* Instructions for the task
Give back exactly the lines that start at the one containing "Big Nelson Bay Crowd" and run to the end of the material, leaving out the pictures.

Dataset records Start Marker

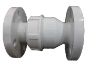
Size : 1" to 2"
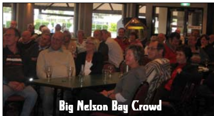
Big Nelson Bay Crowd
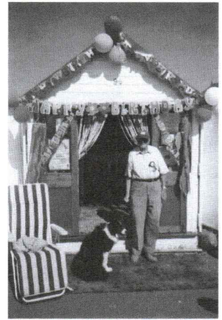
Pop enjoying a day at the family hut

We've also witnessed quite a few rescues which have taken place off our shore, including one which we conducted ourselves. We were busy mending up our nets over the seawall with our skiff on the beach nearby still rigged from when we came ashore. We heard cries for help from a hundred yards out amongst the boat moorings and straight away saw three lads in the water, two of whom were desperately trying to hold the third one up but were having great difficulty in doing so. There were three of us too, and there was no time to lose. We took hold of the skiff, dragged it down the beach on the run, and launched it "Hawaii Five-O" style towards the lads. We were alongside them in a moment and between us hauled them choking & spluttering into the skiff. Once back ashore they soon recovered, dressed and went off back to their school from which they had escaped for a lunch break. It was all over in a trice but the memory lives on. Had we not chanced to be there with a boat to hand who knows what would have happened!
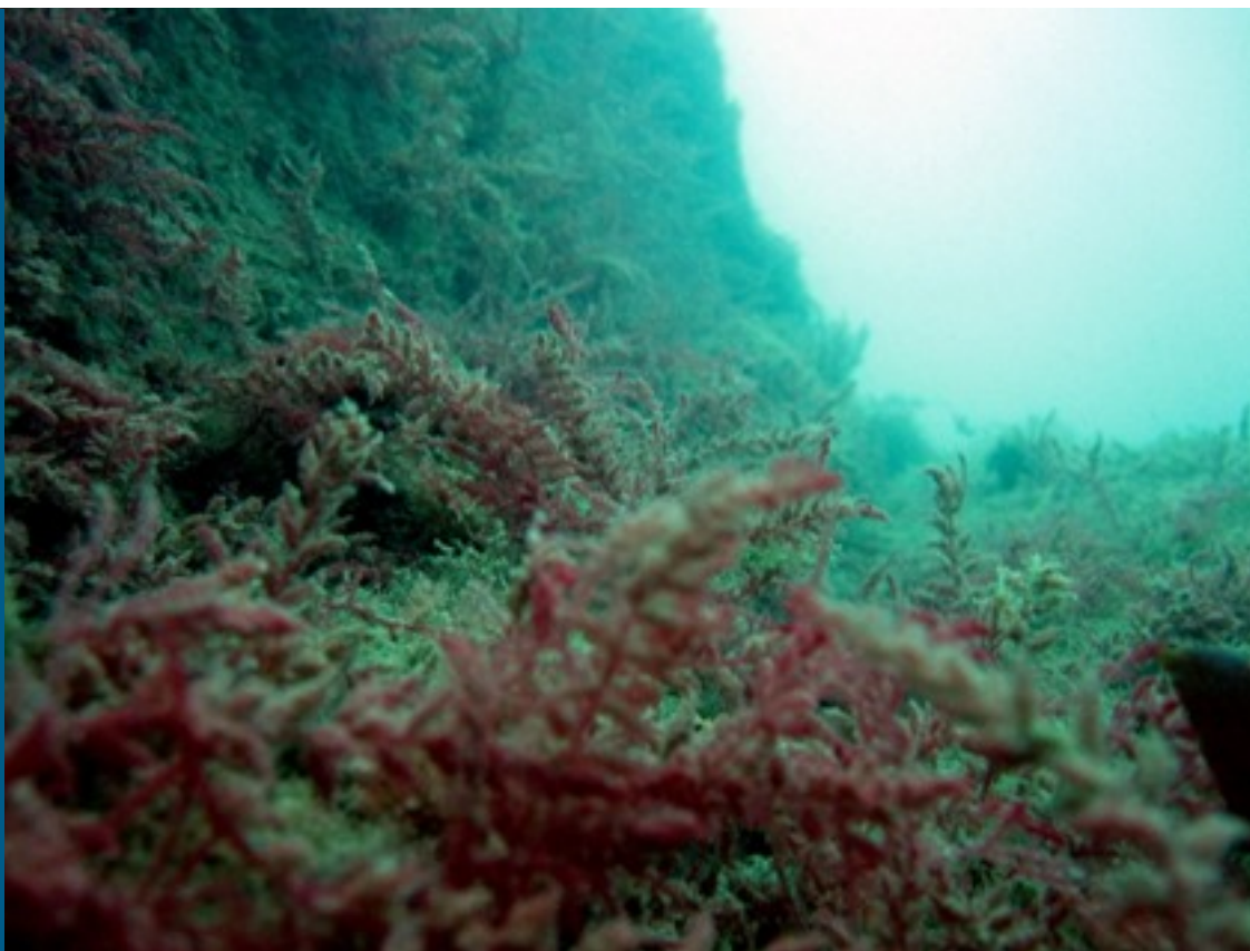
Winning photo in the GUE Experience weekend.

Dataset records End Marker

* Written response
Big Nelson Bay Crowd
Pop enjoying a day at the family hut

We've also witnessed quite a few rescues which have taken place off our shore, including one which we conducted ourselves. We were busy mending up our nets over the seawall with our skiff on the beach nearby still rigged from when we came ashore. We heard cries for help from a hundred yards out amongst the boat moorings and straight away saw three lads in the water, two of whom were desperately trying to hold the third one up but were having great difficulty in doing so. There were three of us too, and there was no time to lose. We took hold of the skiff, dragged it down the beach on the run, and launched it "Hawaii Five-O" style towards the lads. We were alongside them in a moment and between us hauled them choking & spluttering into the skiff. Once back ashore they soon recovered, dressed and went off back to their school from which they had escaped for a lunch break. It was all over in a trice but the memory lives on. Had we not chanced to be there with a boat to hand who knows what would have happened!
Winning photo in the GUE Experience weekend.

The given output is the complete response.